In the northeast - a region wedged between China, Myanmar and
Bangladesh and connected to the rest of India only by a small sliver of
land - floods and mudslides have killed at least nine people and left
some 6,500 people homeless.
On Tuesday, soldiers reached the train stranded in a dense jungle
south of Gauhati and escorted the passengers through the vegetation to
the town of Haflong, about 280 kilometers (175 miles) from the state
capital, said T. Rabha, a railway spokesman.

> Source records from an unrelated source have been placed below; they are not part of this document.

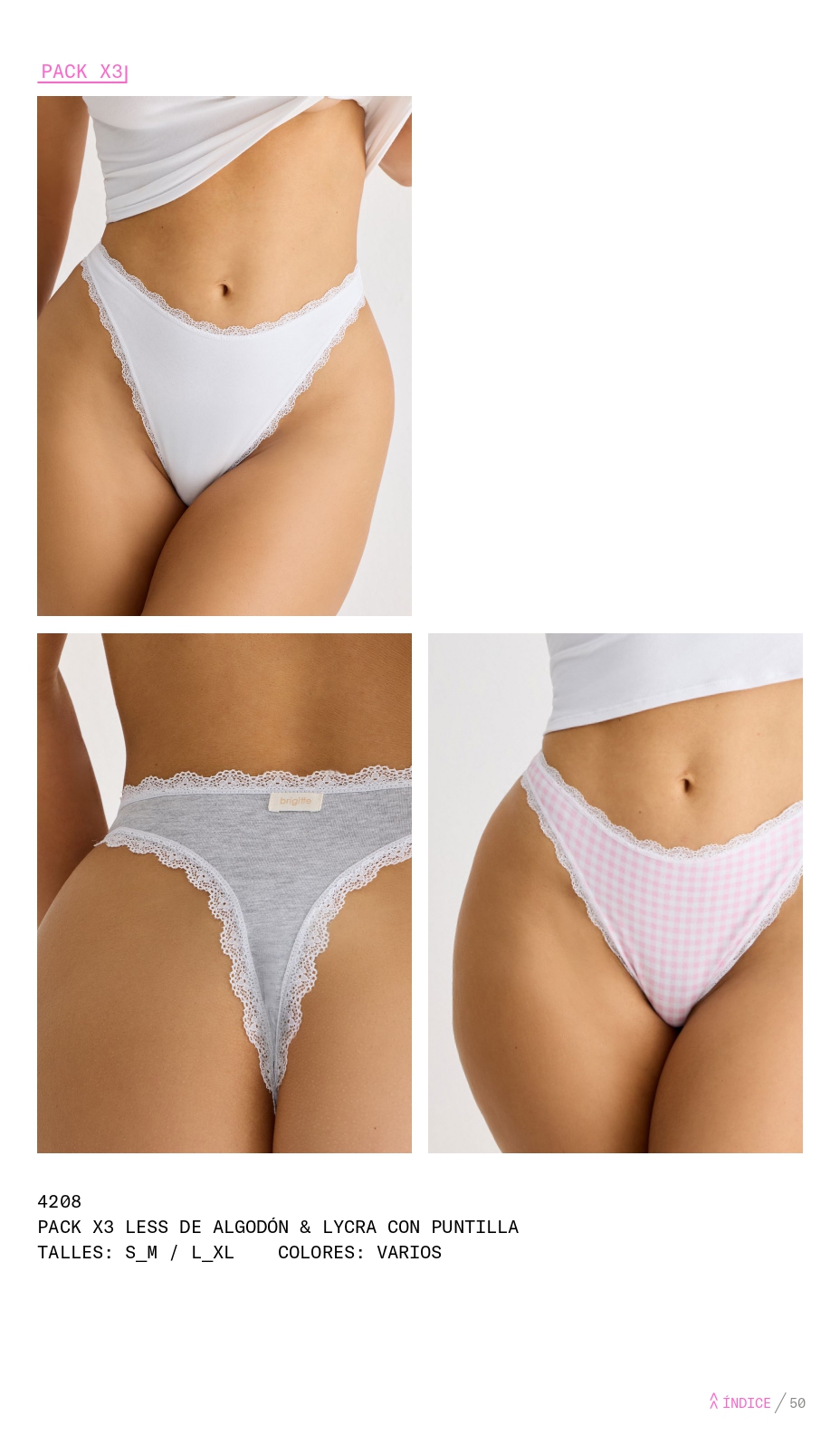 PACK X 3 LESS DE ALGODÓN Y LYCRA CON TIRAS BRIGITTE - Cod 4200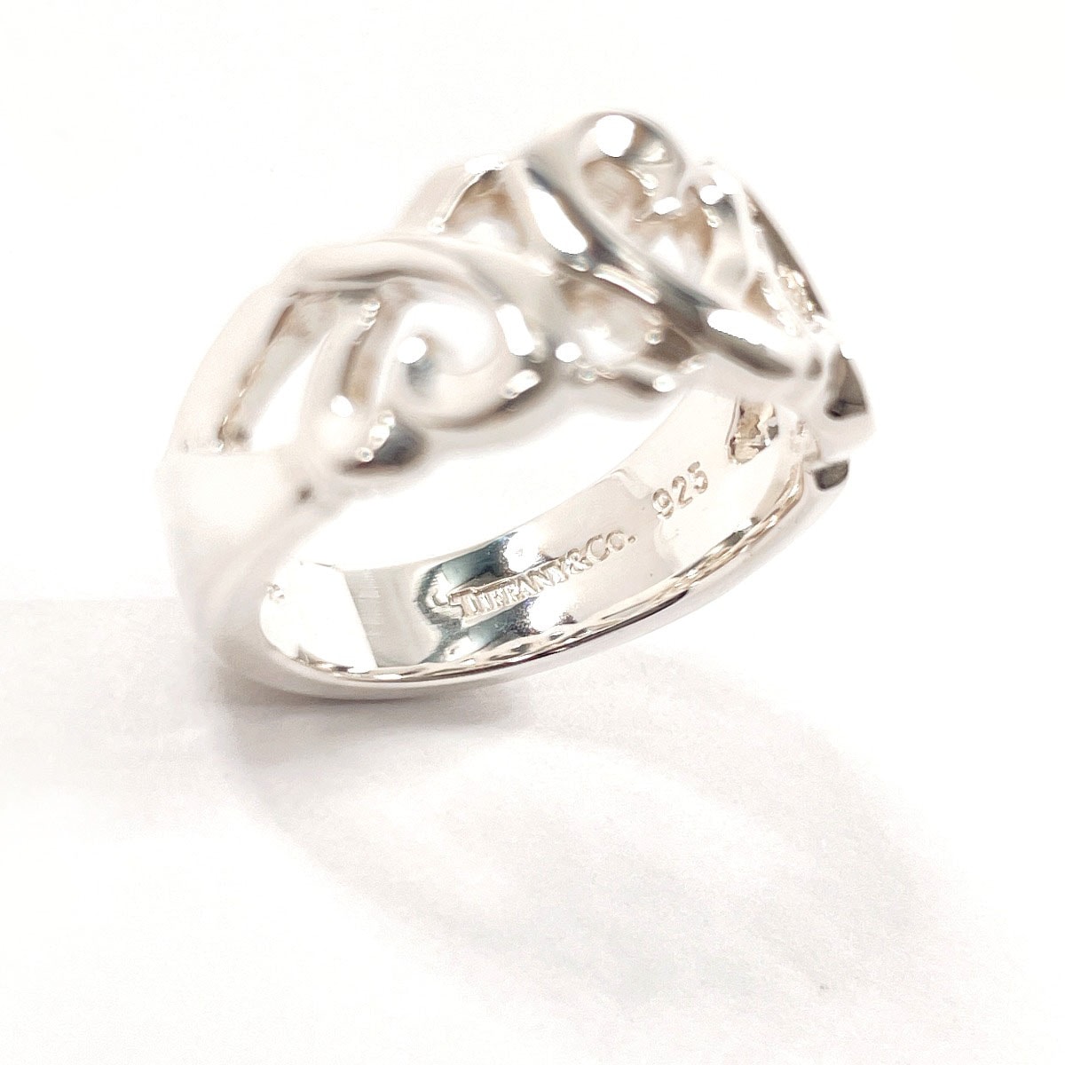 ティファニーを代表する「ラビングハート」モチーフを連ねた、上品でロマンティックなリング。滑らかな曲線が織りなすハートデザインは、愛と優しさを象徴し、指先に華やかな輝きを添えます。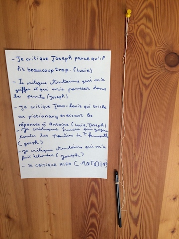 - Je critique Alain Gérard qui me jette par terre pour prendre la corde et qui profite que mon pain et mon fromage sont sur le mur pour manger mon pain et me dire : la crotte (Ariane)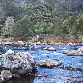 Karangahake Gorge is a narrow rock cleft in the Hauraki District where the Ohinemuri River cuts through the Coromandel and Kaimai mountain ranges. Steep walls tower above the river on both sides, creating a confined passage carved through solid rock over time.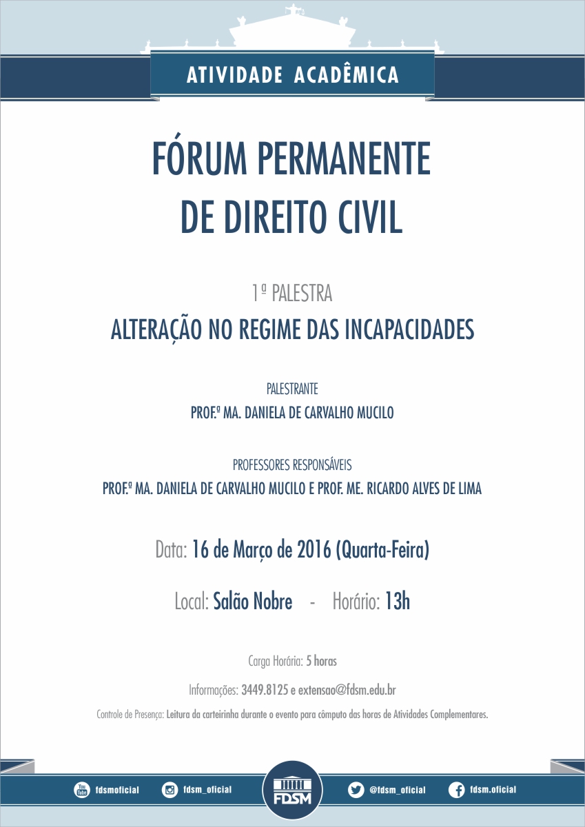Inscrições abertas para a primeira palestra do Fórum Permanente de Direito Civil com o tema "Alteração no Regime das Incapacidades" sob a coordenação dos Professores Ma. Daniela de Carvalho Mucilo e Me. Ricardo Alves de Lima.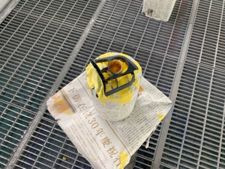▼ホワイト色を塗装するため、ブラックの部分はマスキングします。
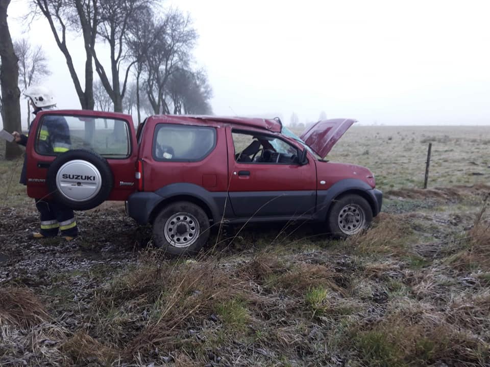 fot. KMP w OstrołęceJak wstępnie ustalono, do wypadku doszło, gdy kierujący osobowym suzuki po pokonaniu jednego z zakrętów stracił panowanie nad pojazdem, zjechał na pobocze a następnie dachował.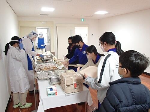 12月10日(火)に、6年生児童は、田原市給食センターの施設見学及びバイキング給食を行いました。給食の調理についての話を聞いたり、調理設備について説明を聞いたりしました。バイキング給食では、普段より品数の多い給食を食べ、楽しい時間を過ごしました。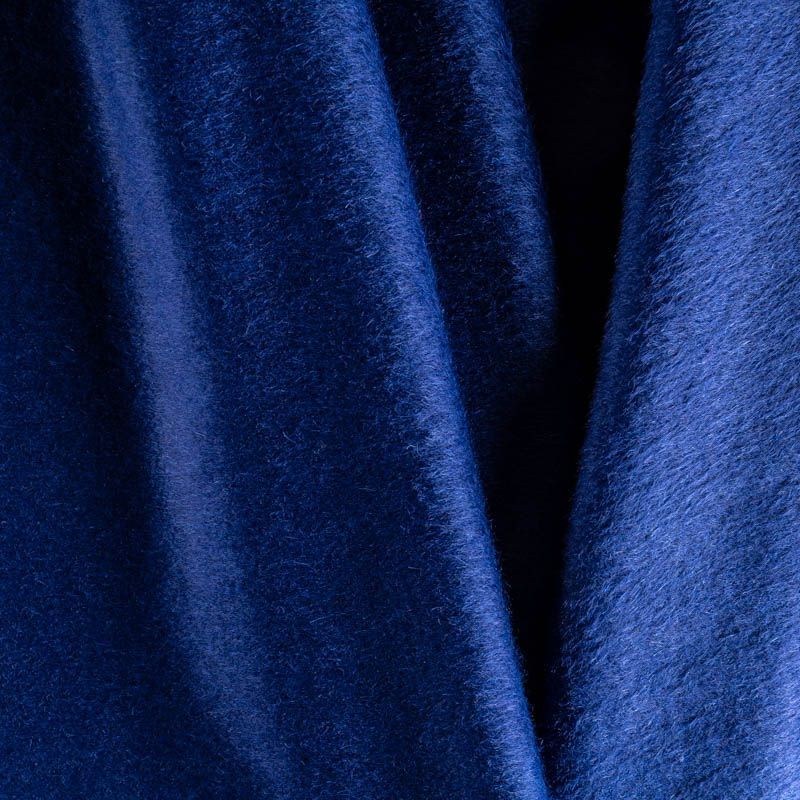 Пальтовая итальянская шерсть в синем оттенке. Ткань плотная, достаточно теплая, комфортная для одежды на сезон осень-зима. Полотно ворсистое, имеет «мохеровый эффект». Учитывайте направление ворса при крое изделия. Мягкое и нежное на ощупь, не толстое и не тяжелое, хорошо держит форму. Прекрасно подойдет для пошива женских пальто, теплых костюмов, кейпов, мягких бомберов, жилетов и головных уборов.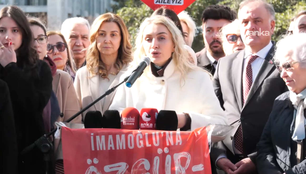 19 Mart operasyonunda gözaltına alınarak isimlerin yakınları tarafından kurulan Aile Dayanışma Ağı, 26. buluşmasını Saraçhane Parkı’nda gerçekleştirdi. Buluşmada, İBB Başkanı ve Cumhurbaşkanı Adayı Ekrem İmamoğlu’nun eşi Dilek İmamoğlu da konuşma yaptı.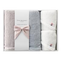 使い心地にこだわり、撚りをかけた糸と無撚糸を交織して使用。吸水性が良く、やわらかな風合いに織りあげた今治タオルです。上質・品格・エレガンスをキーワードに、品のあるプレーンなデザインにしています。色合いは2色の先染め糸を淡いエレガンストーンでまとめ、アイキャッチに上品さを演出するサテンリボンを施し、華やぎのあるギフトセットに仕上げました。日々の暮らしの風景に美しさを添える、贈られた方々に喜んでいただけるギフトです。

Thousands of villages in northeastern India have been submerged by
floods which have already killed 12 people and displaced nearly 160,000,
officials said Wednesday.
The states of Assam and Tripura have been the worst affected by the
flooding and landslides triggered by heavy monsoon rains that hit the
region on May 31, officials said.
"The flood situation has worsened with nearly 3,000 villages
submerged forcing an estimated 150,000 people to take shelter in raised
platforms and makeshift tarpaulin tents," Assam Revenue, Relief and
Rehabilitation Minister, Bhumidhar Barman, told AFP.
The minister said four people drowned Tuesday in separate incidents
taking the toll in the floods in Assam to seven. Thousands of people in
Assam's worst-hit districts of Lakhimpur, Dhemaji, Cachar, Karimganj,
and Hailakandi were caught unawares when floodwaters swept through their
homes late Tuesday following breaches in embankments and dykes.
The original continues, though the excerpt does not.